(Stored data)

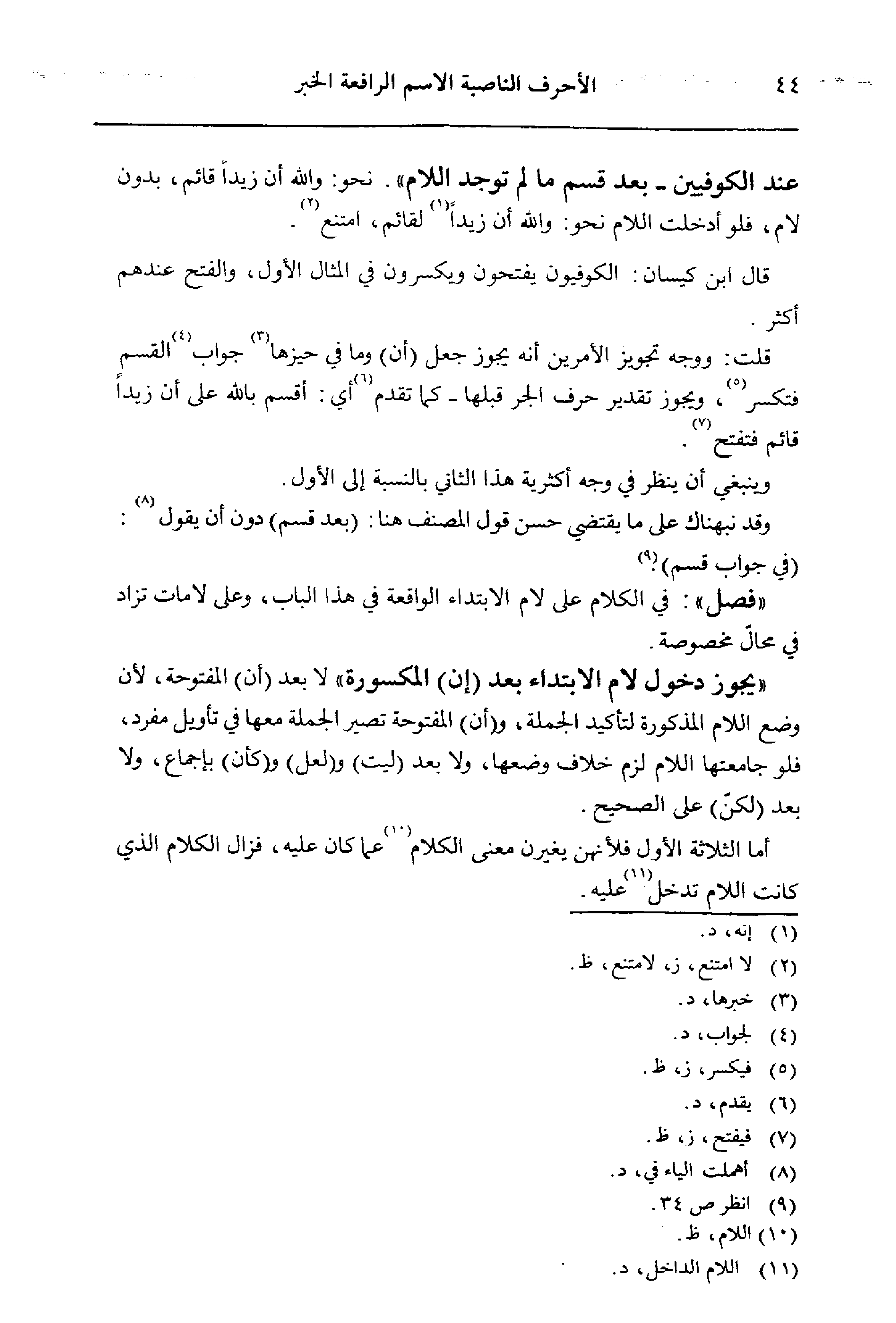 «فصل»: في الكلام على لام الابتداء الواقعة في هذا الباب، وعلى لامات تزاد في محال مخصوصة.
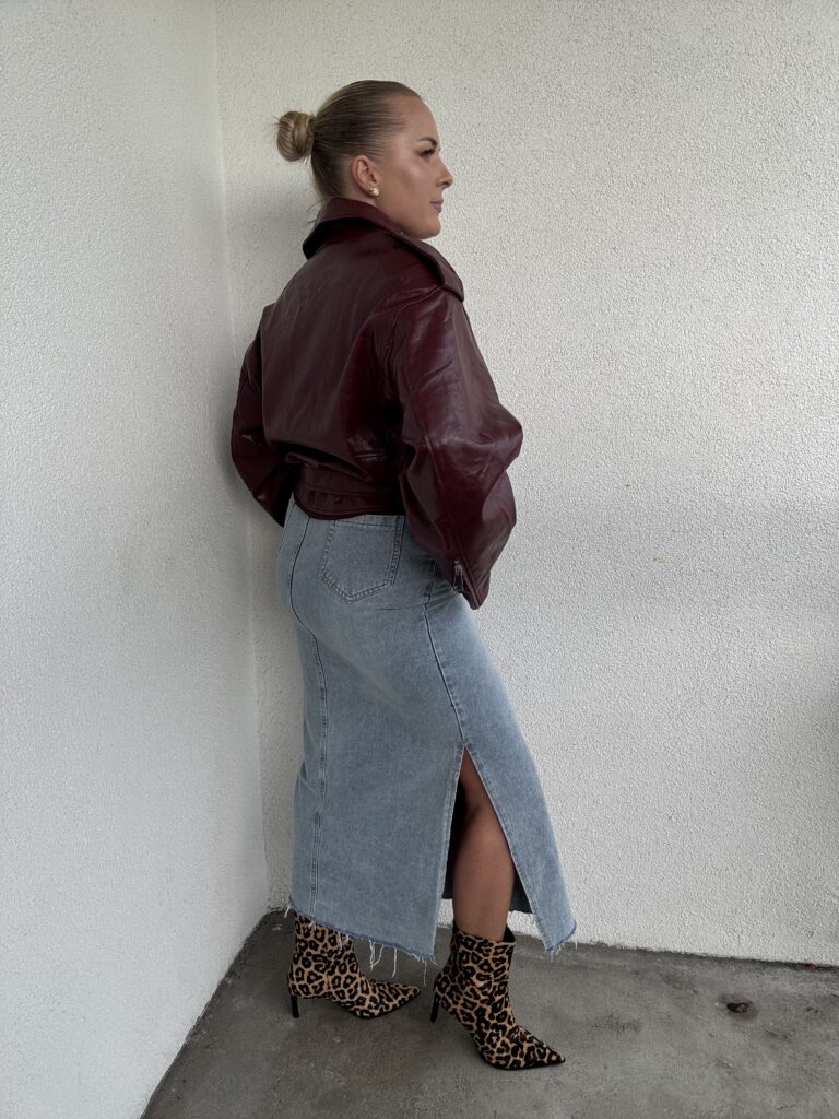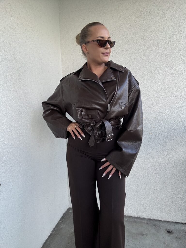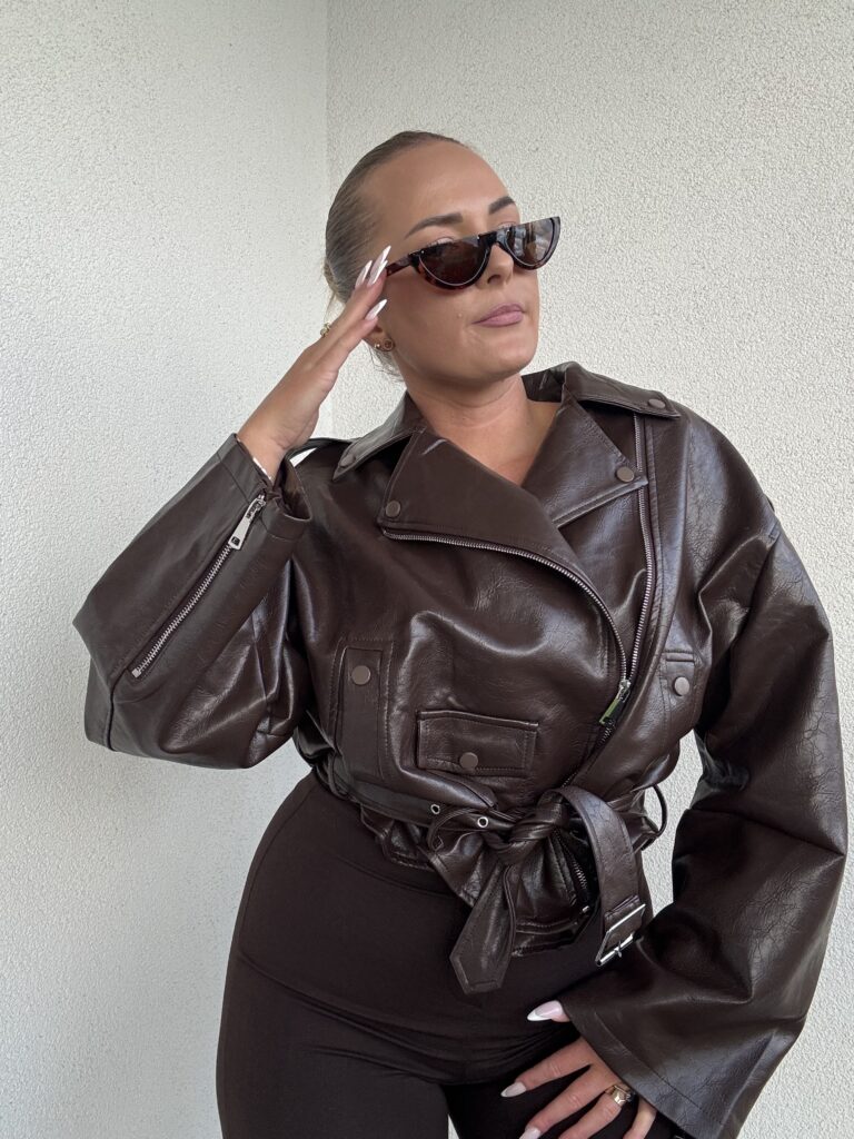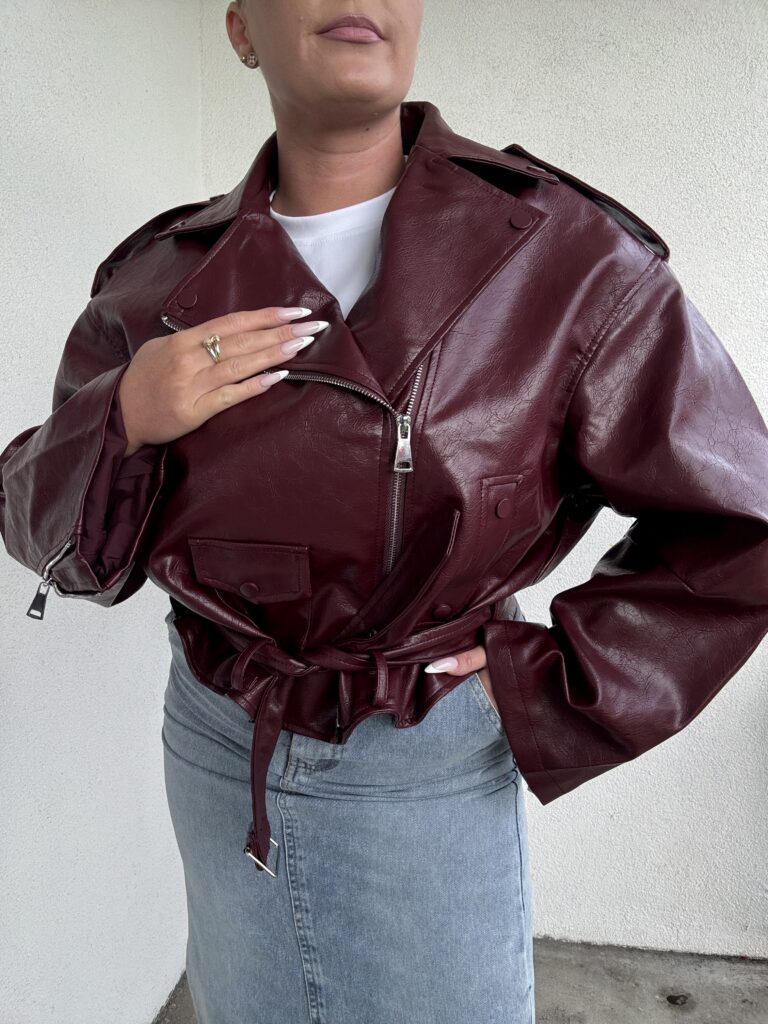 Kurtka Coco – stylowa ramoneska w odcieniu czerwonego wina, ( dostępna również w kolorze czekoladowego brązu) wykonana ze skóry ekologicznej. Luźny krój oversize z paskiem w talii i asymetrycznym zamkiem nadaje jej wyrazistego charakteru, a detale w postaci szerokiego kołnierza i rękawów na suwak dodają nowoczesnego pazura. Idealna, by wyróżnić każdą stylizację.
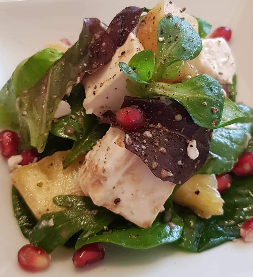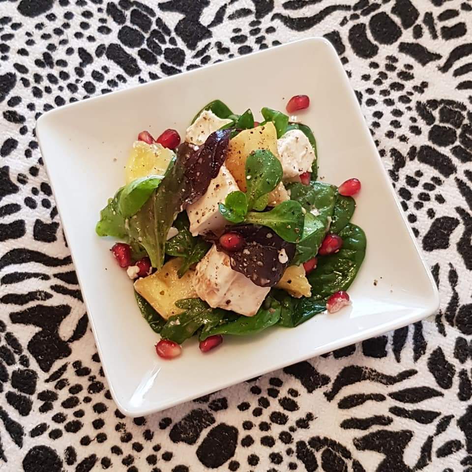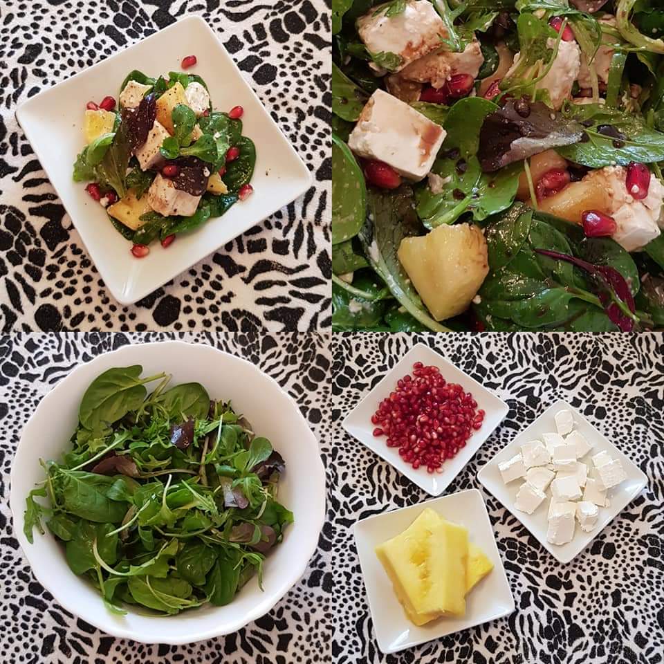 Într-un bol se adaugă mixul de salată. Feta se taie cubulețe. Rodia se curăță. Ananasul se curăță și se taie cubulețe. Peste salată se adaugă restul ingredientele. Se asezonează cu ulei de măsline extra virgin, oțet balsamic, sare și piper.
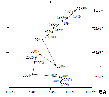 小题1:由图中信息可以判断,人口重心移动趋势由东北向西南;人口重心每年移动距离大小不一样;从图中信息无法判断人口数量的多少;人口重心移动距离南北超过0.15°,1°大约为111千米,距离超过15千米。正确答案选A。
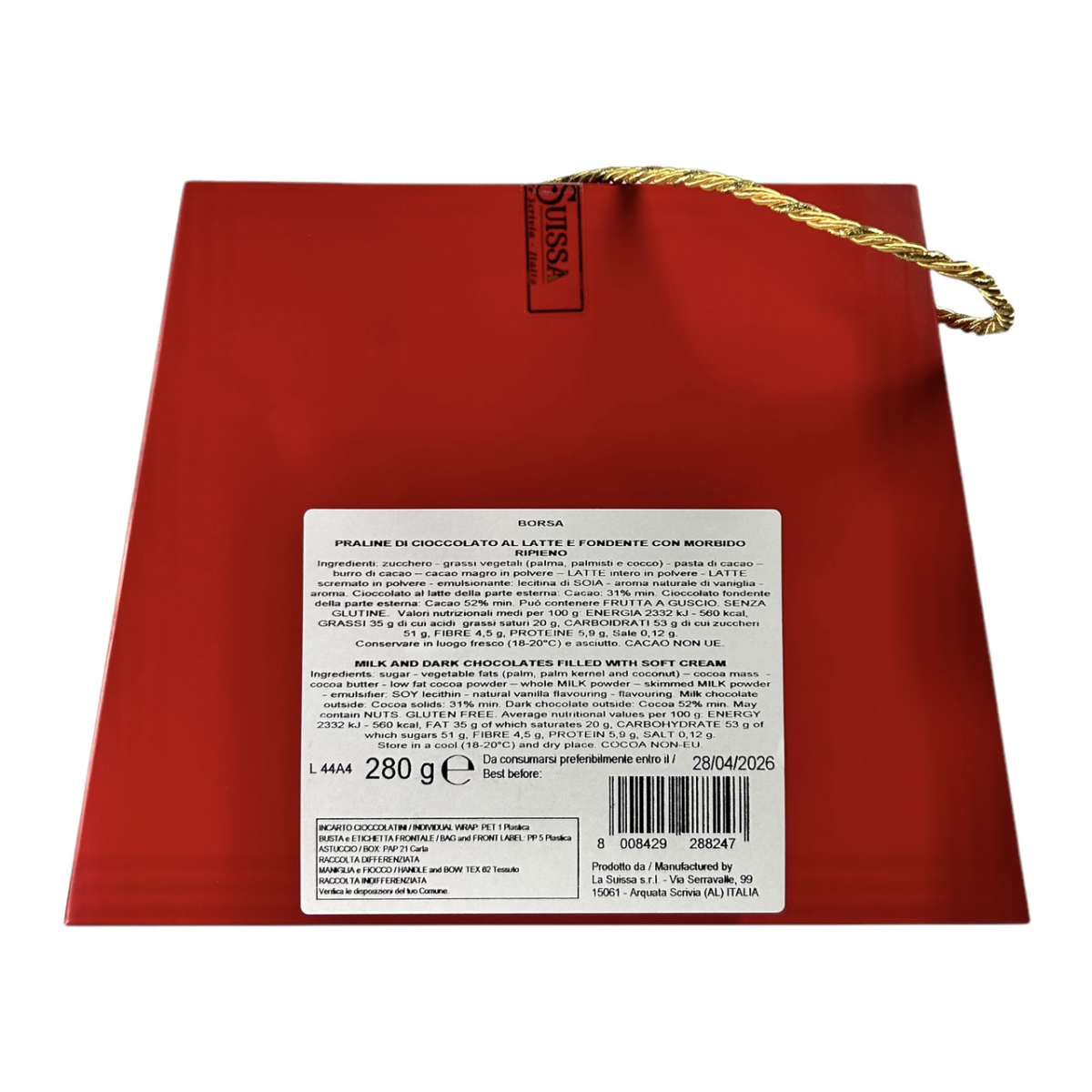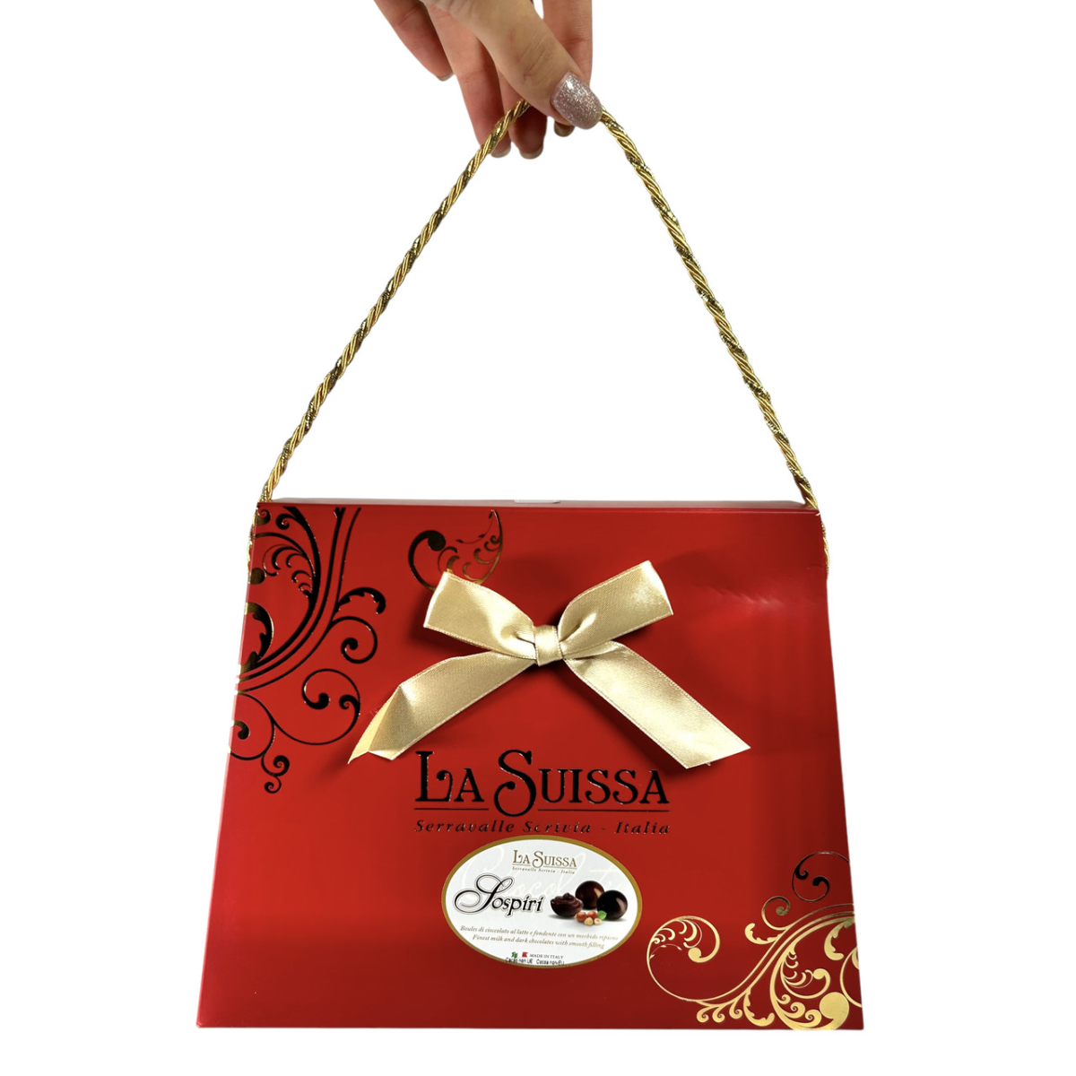 Елегантний подарунковий набір La Suissa Sospiri — це справжнє втілення італійського шоколадного мистецтва. У вишуканій червоній коробці з золотою стрічкою та ручкою-сумочкою зібрано асорті молочного та темного шоколаду з ніжною м’якою начинкою.

TASK TO COMPLETE: Only the lines from the one holding "Kurtka Coco –" through the last line of the records should be output, please, exactly and without any pictures.

OUTPUT OF THE TASK:
 Kurtka Coco – stylowa ramoneska w odcieniu czerwonego wina, ( dostępna również w kolorze czekoladowego brązu) wykonana ze skóry ekologicznej. Luźny krój oversize z paskiem w talii i asymetrycznym zamkiem nadaje jej wyrazistego charakteru, a detale w postaci szerokiego kołnierza i rękawów na suwak dodają nowoczesnego pazura. Idealna, by wyróżnić każdą stylizację.
 Într-un bol se adaugă mixul de salată. Feta se taie cubulețe. Rodia se curăță. Ananasul se curăță și se taie cubulețe. Peste salată se adaugă restul ingredientele. Se asezonează cu ulei de măsline extra virgin, oțet balsamic, sare și piper.
 小题1:由图中信息可以判断,人口重心移动趋势由东北向西南;人口重心每年移动距离大小不一样;从图中信息无法判断人口数量的多少;人口重心移动距离南北超过0.15°,1°大约为111千米,距离超过15千米。正确答案选A。
 Елегантний подарунковий набір La Suissa Sospiri — це справжнє втілення італійського шоколадного мистецтва. У вишуканій червоній коробці з золотою стрічкою та ручкою-сумочкою зібрано асорті молочного та темного шоколаду з ніжною м’якою начинкою.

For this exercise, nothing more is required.